The Fez Ballroom felt more like an incubated laboratory of sound inquiry than a music venue while hosting Robert Walter's 20th Congress on the 16th of September. Intensity built throughout the night. They went in hard, crashing and full-throttle and came out teasing: stopping suddenly, breathing heart attacks into their music, then picking up right back into the tangled pandemonium they'd left a moment before. Syncopated beats drove the trio's cohesion. They thrive in this uncharted musical ether, passing experimental sonic jazz around like an inside joke being played and presented to the others for decoration.

A mad scientist played the keys surrounded by his tools concocting, creating, and playing wildly.

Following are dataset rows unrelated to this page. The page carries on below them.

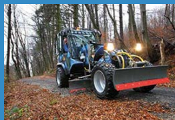
La niveleuse Stehr SUG 20 lors d'un nivellement de chemin de randonnée
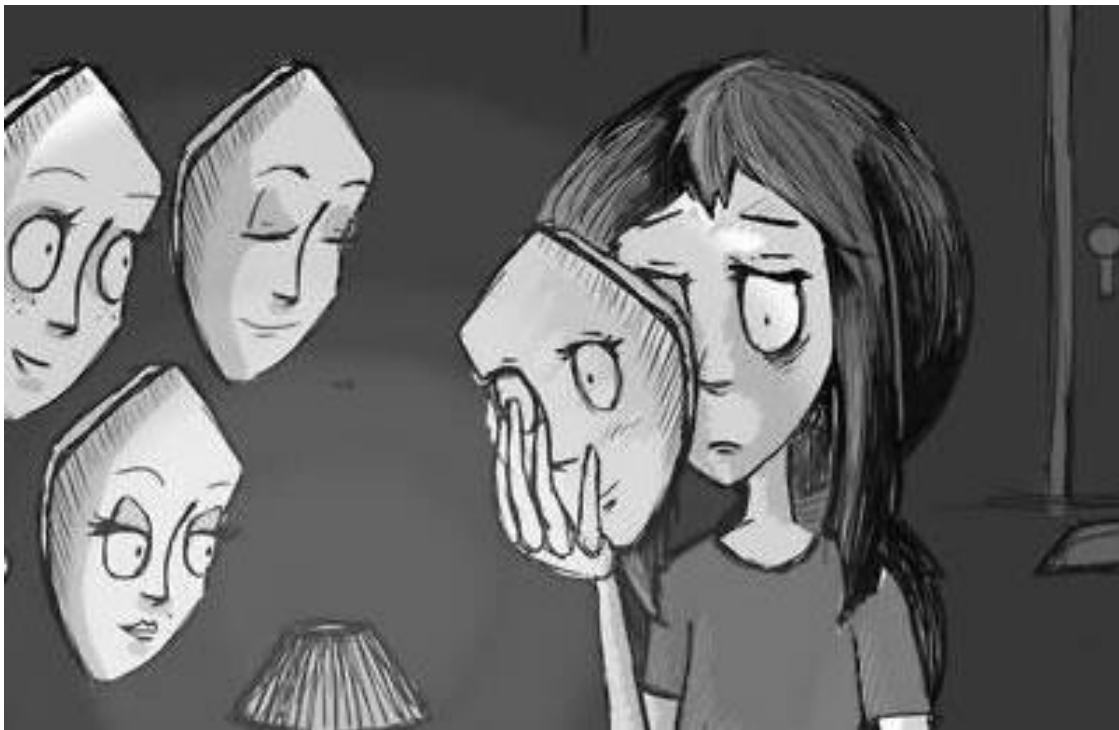
Imagen 1 https://www.psicomaster.es/como-afrentar-los-cambios-emocionales-en-la-adolescencia/
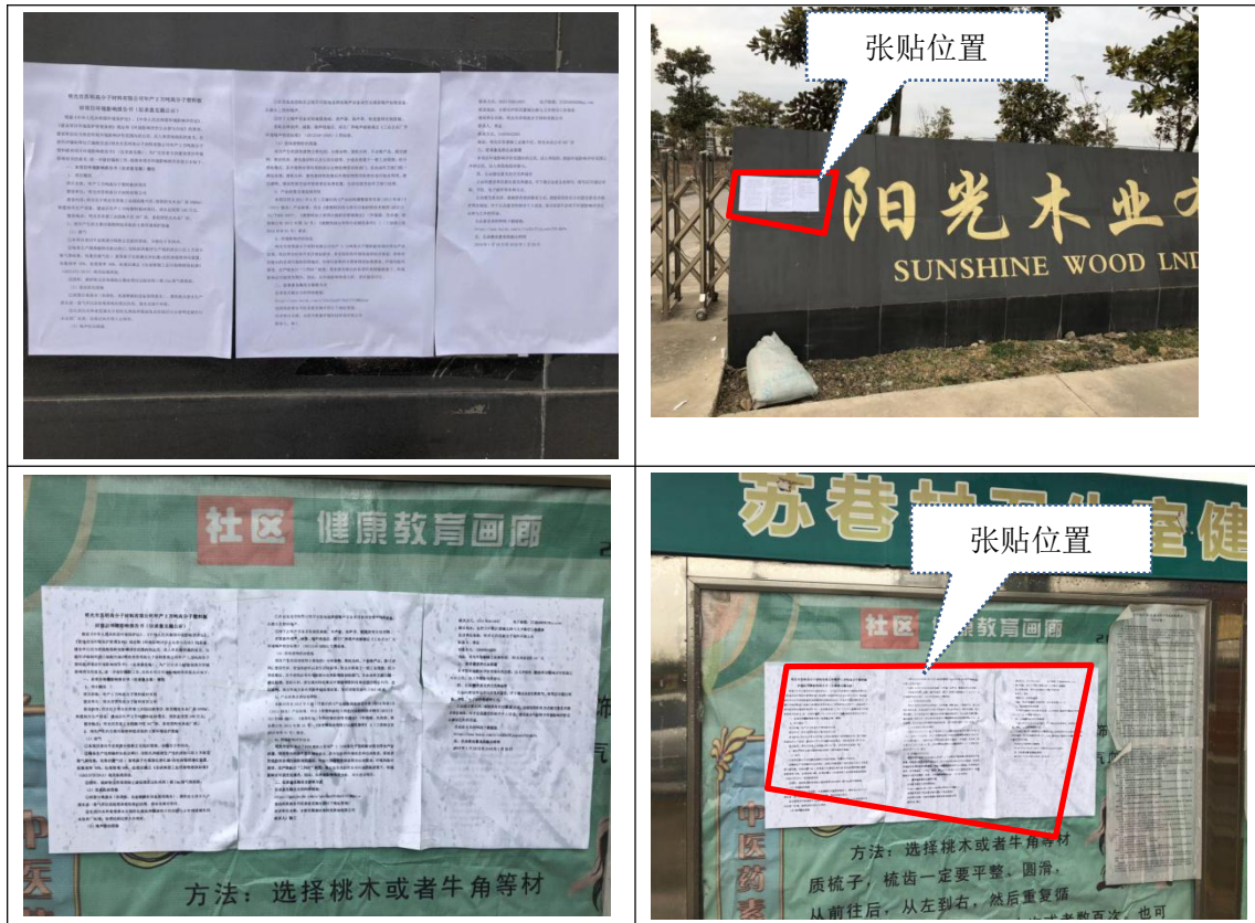
图 5 现场张贴公示

I don't know what exactly Robert Walter was creating. It echoed, flowed with a playfulness and hyperactivity of baby turtles hurtling themselves toward the ocean and possessed a general pinch of electricity. His palms remained steadypulling back on occasion to remember their roots as hands. Music twisted and distorted itself from his portable lab while his face scrunched and screamed silently as if an eye of newt had accidentally slipped uncomfortably down his pants.

Robert most encapsulated the demeanor of Dr. Frankenstein but the creation was not his alone. The entire band, shrunken since I last saw them, grabbed vile after vile, throwing beats and woven rhythms of volatile sounds into the room, bubbling over. It was a spectacle of science: invisible, yet potent enough that my arms shot out in waves to grab the air around me as if I may have caught a tangible piece of the musical debris. Jason Smart on drums and Cochemea Gastolum on horns and various toys, concocted flavors and strands of the euphonic brew that moved my limbs and pulled my body in directions beyond the compass all at once. Each one of them took a turn mixing and tweaking the musictoo involved to sit back, watch and sinisterly laugh while exclaiming, "It's alive" (as should be required for any good mad scientist scene).

Metal knobs and buttons shimmered and disappeared under Cheme's fingers on the saxophone like raindrops on a lake. He grabbed as many instruments as he could find like a kid let loose in a musical playground for two hours where he got to make whatever he wanted and so built a castle out of tire swings and made the sandbox into a jungle gym. He played the saxophone, the flute, a cowbell, a tambourine, and the cowbell with the tambourine, often intentionally offbeat, spiking the musical fog with interesting darts to fathom and build from.

Jason Smart is the drummer for Jacob Fred Jazz Odyssey as well and I'm continually impressed with his skills in setting loose sounds from the drums with gentle precision and intense power. He pounds, twiddles, explores and invokes beats, often with closed eyes during his solos. How does he hit the right head in the right place? How does he not get lost? He seems to have created some form of high-quality wave in his invisible beaker that guides his limbs, or drumsticks, like bats communicating in sonar. This is what they should teach in high school chemistry classes.

Drum solos nestled between the echoing funk of brass and keys transformed the room into a pulsing heart. The walls of the Fez Ballroom could have been stretched drumheads over two by fours and plaster. I stood at the front of the stage, safely away from the couches and comfy love seats that were surely shimmying their way inward, carrying the masses and riding vibrations toward the evening's pulsing source. This sort of music doesn't allow for observers, all who entered were in it and at the whim of this musical vessel.